**WHAT YOU WILL DO**
Retype the line with "Taille : environ" exactly. Then retype every line after it through the end of the entries below, and nothing more, leaving out pictures.

**TASK MATERIAL**

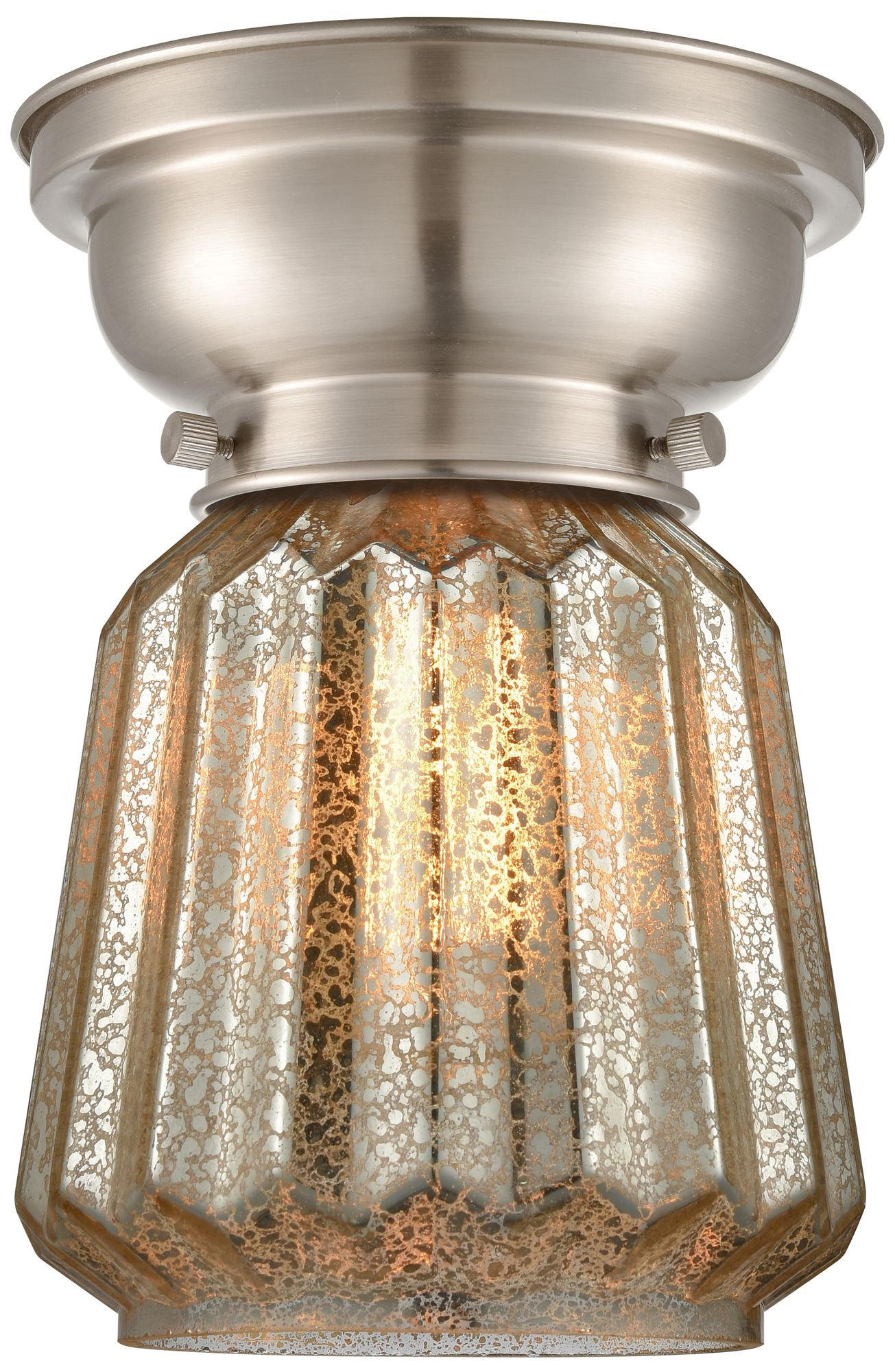 Aditi Chatham 7" Wide Brushed Satin Nickel Flush Mount With Mercury Sh
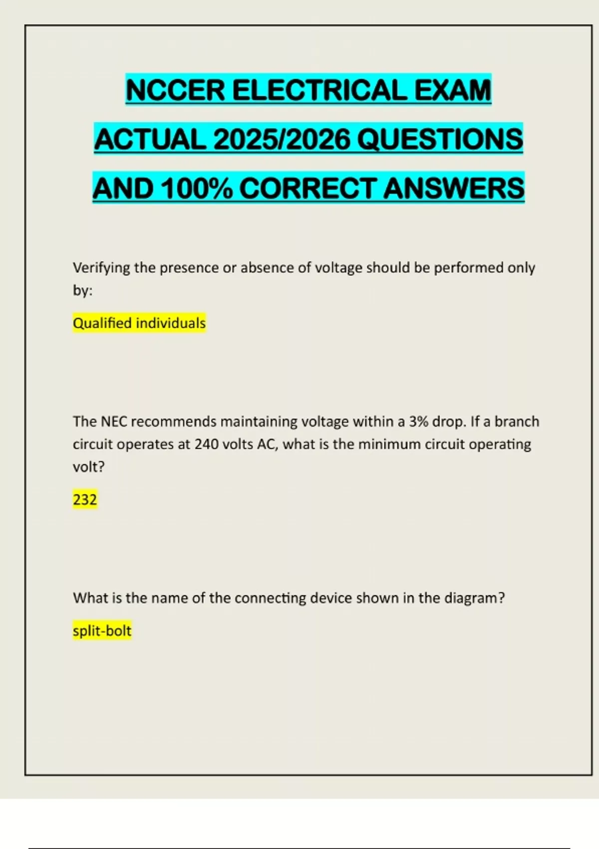 NCCER ELECTRICAL EXAM ACTUAL 2025/2026 QUESTIONS AND 100% CORRECT ANSWERS Verifying the presence or absence of voltage should be performed only by: Qualified individuals The NEC recommends maintaining voltage within a 3% drop. If a branch circuit operates at 240 volts AC, what is the minimum circuit operating volt? 232 What is the name of the connecting device shown in the diagram? split-boltThe volt amperes in an AC circuit is the same as Apparent power What is the voltage drop for a #8 (16.150 cmil) copper wire at 120v. 215 feet one way and load of 39amps? 13.1 If a voltage source of a circuit provides 240 volts and there are 5 ohms of resistance, how much current is in the circuit 48amps What should be done to change rotation of a 3-phase motor? swap any two T leads What instrument is used to measure current? AmmeterWhich plan indicates the location of structures and equipment on a property? Detail drawing Generally, the most ideal conductor is made of: Copper 3 multiple choice options What is the standard size system used in the US? AWG What is insulating tape? Non-Conductive adhesive t
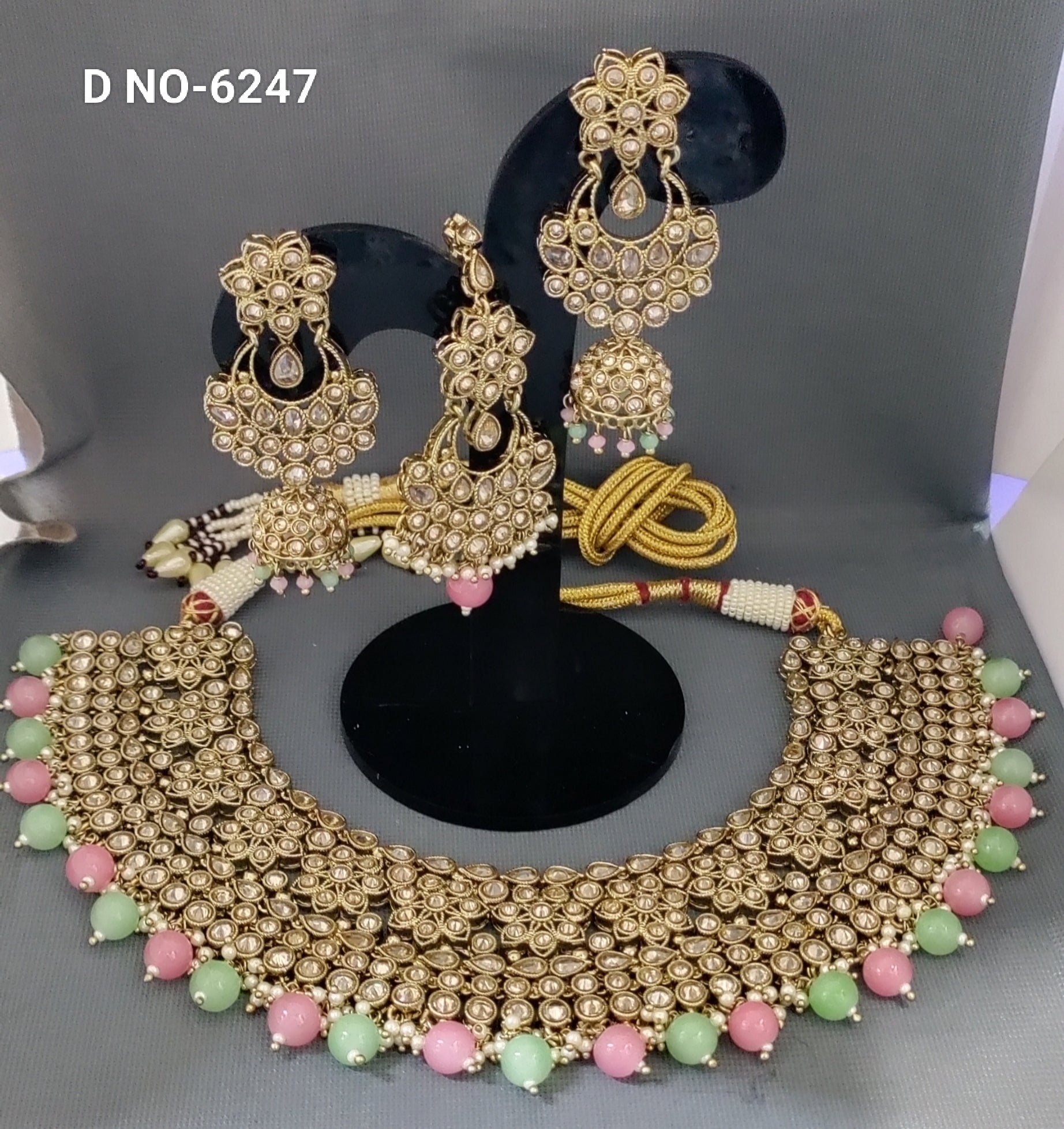 Polki jewellery in mehandi finish with Polki Kundan with beads stones to make these exquisite necklace really special – light in weight & can be paired with almost any outfit perfect accessory for every occasions party & wedding
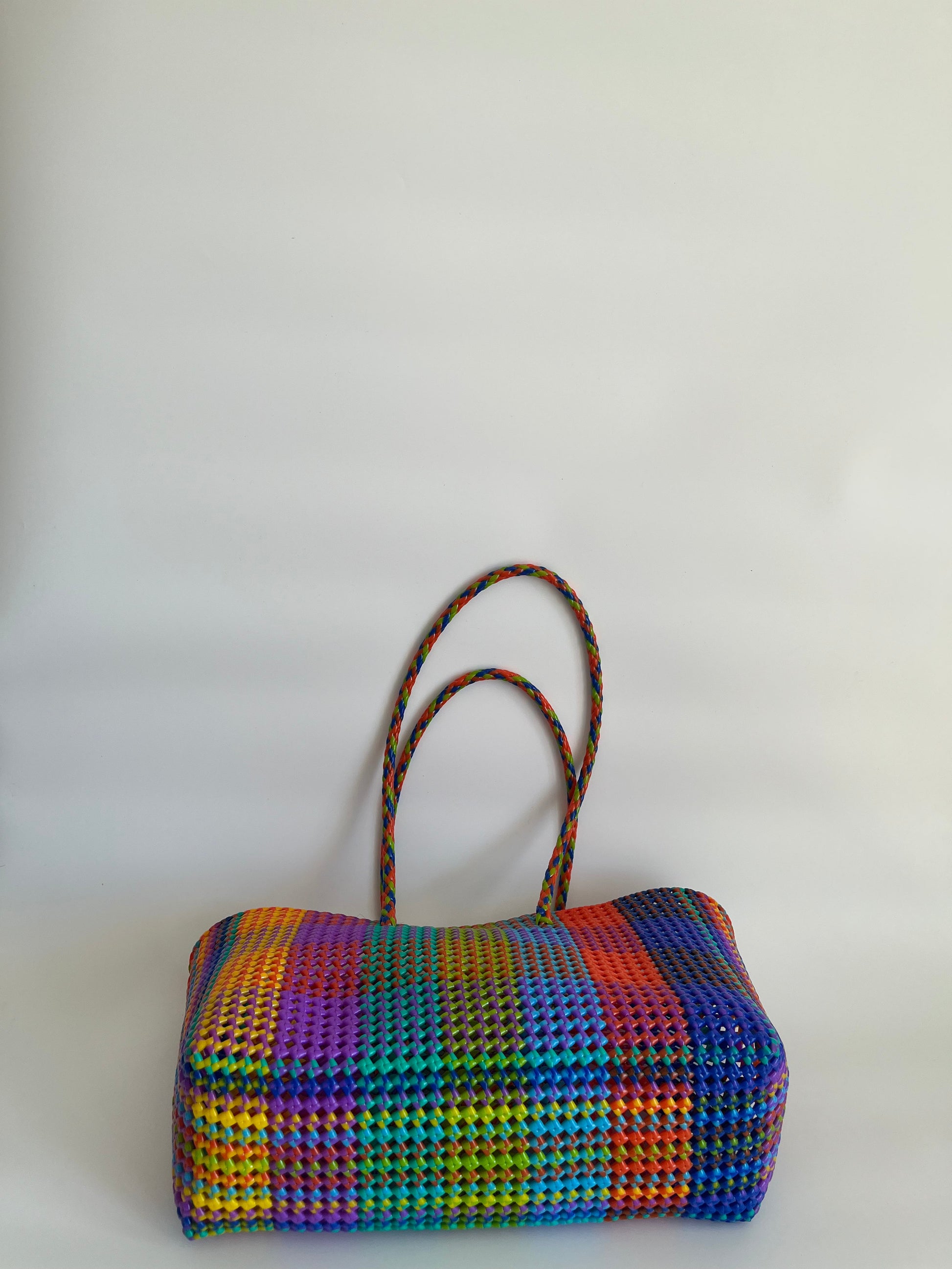 Taille : environ 30 x 20 x 13 cm - Sac/panier coloré mini modèle (XS) 2h de tissage
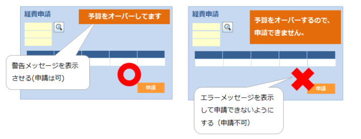 - 申請・精算金額が予算を超える申請だった場合に、警告やエラーを出すことができます。
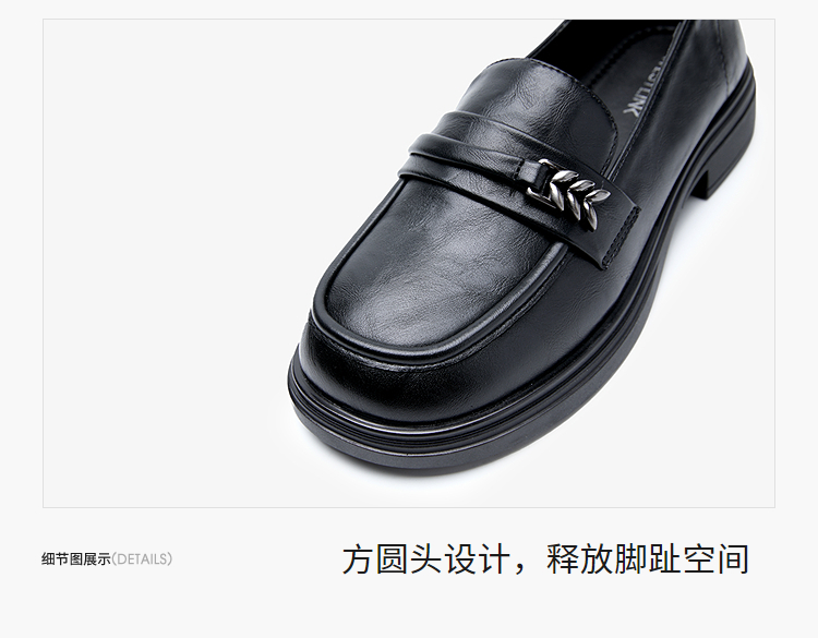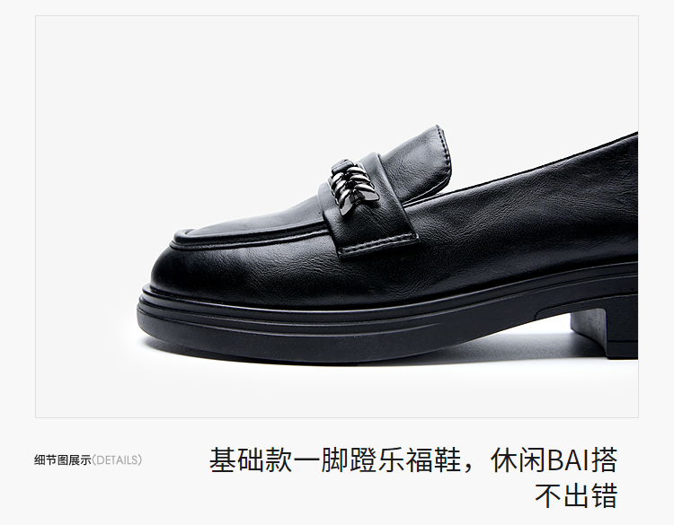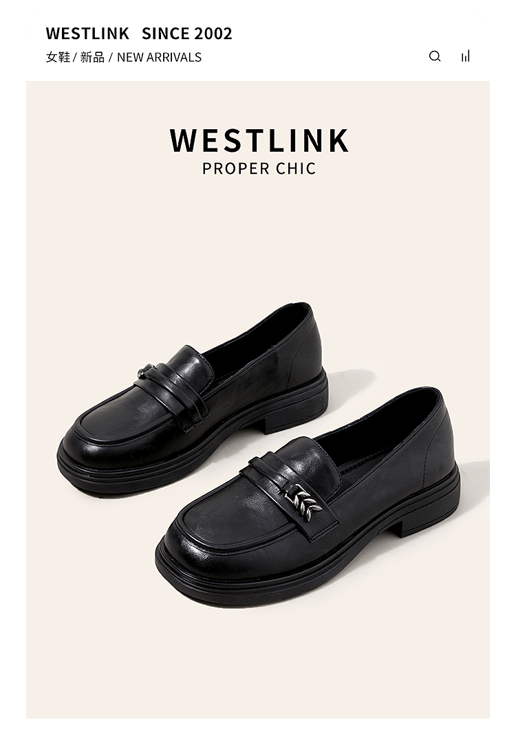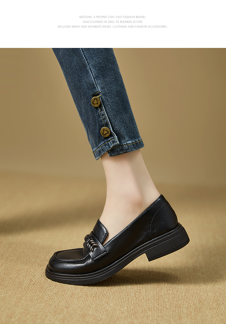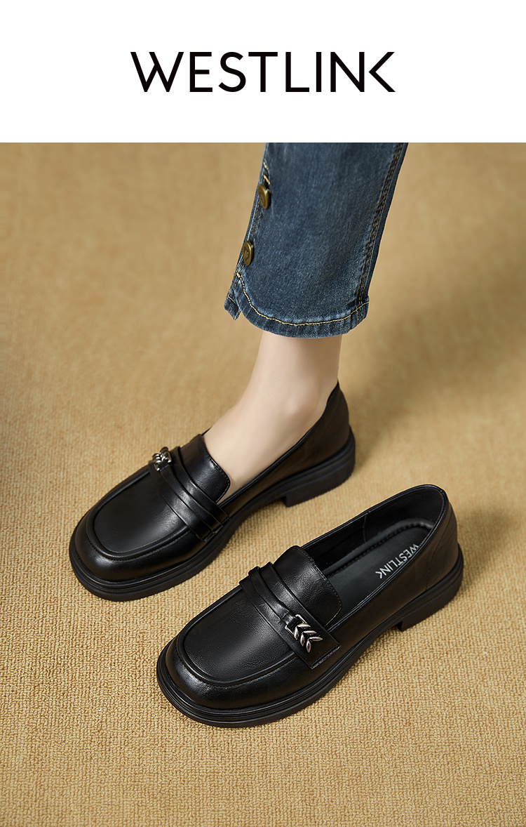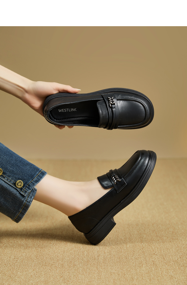 西遇黑色乐福鞋女新款秋季法式软底不累脚通勤女鞋粗跟小皮鞋V1857108
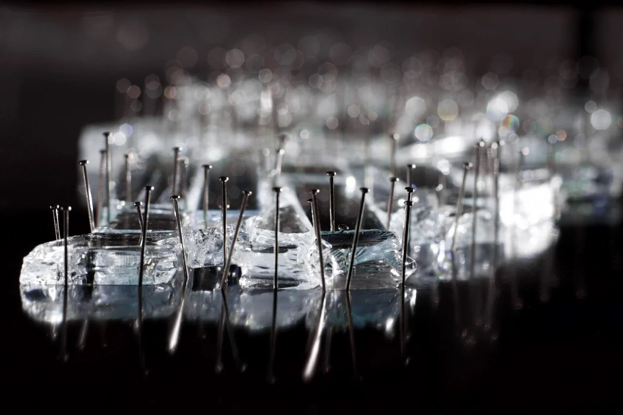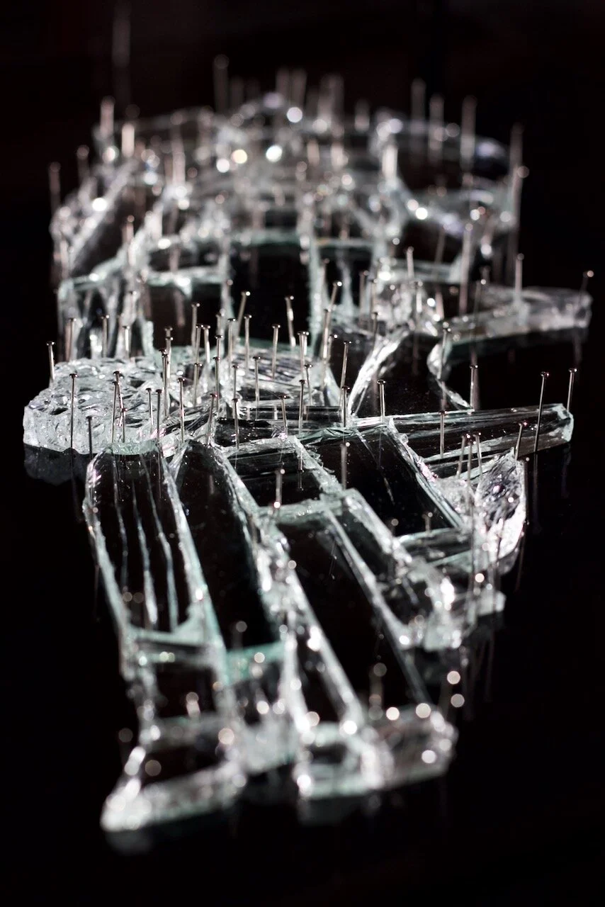 Made in the aftermath of the Beirut blast, ‘Les Brisés’ (The Shattered) was created with shards of glass collected from my damaged family home in Beirut. ‘Les Brisés’ represents a map of Lebanon that, despite being shattered, is desperately trying to stay whole. The only way the map can exist is thanks to the 204 pins holding together the shards of glass that compose it. (The pins, reminiscent of human silhouettes, represent the 204 victims of the blast (official number back in 2020)).

**ANSWER BELOW**
 Taille : environ 30 x 20 x 13 cm - Sac/panier coloré mini modèle (XS) 2h de tissage
 - 申請・精算金額が予算を超える申請だった場合に、警告やエラーを出すことができます。
 西遇黑色乐福鞋女新款秋季法式软底不累脚通勤女鞋粗跟小皮鞋V1857108
 Made in the aftermath of the Beirut blast, ‘Les Brisés’ (The Shattered) was created with shards of glass collected from my damaged family home in Beirut. ‘Les Brisés’ represents a map of Lebanon that, despite being shattered, is desperately trying to stay whole. The only way the map can exist is thanks to the 204 pins holding together the shards of glass that compose it. (The pins, reminiscent of human silhouettes, represent the 204 victims of the blast (official number back in 2020)).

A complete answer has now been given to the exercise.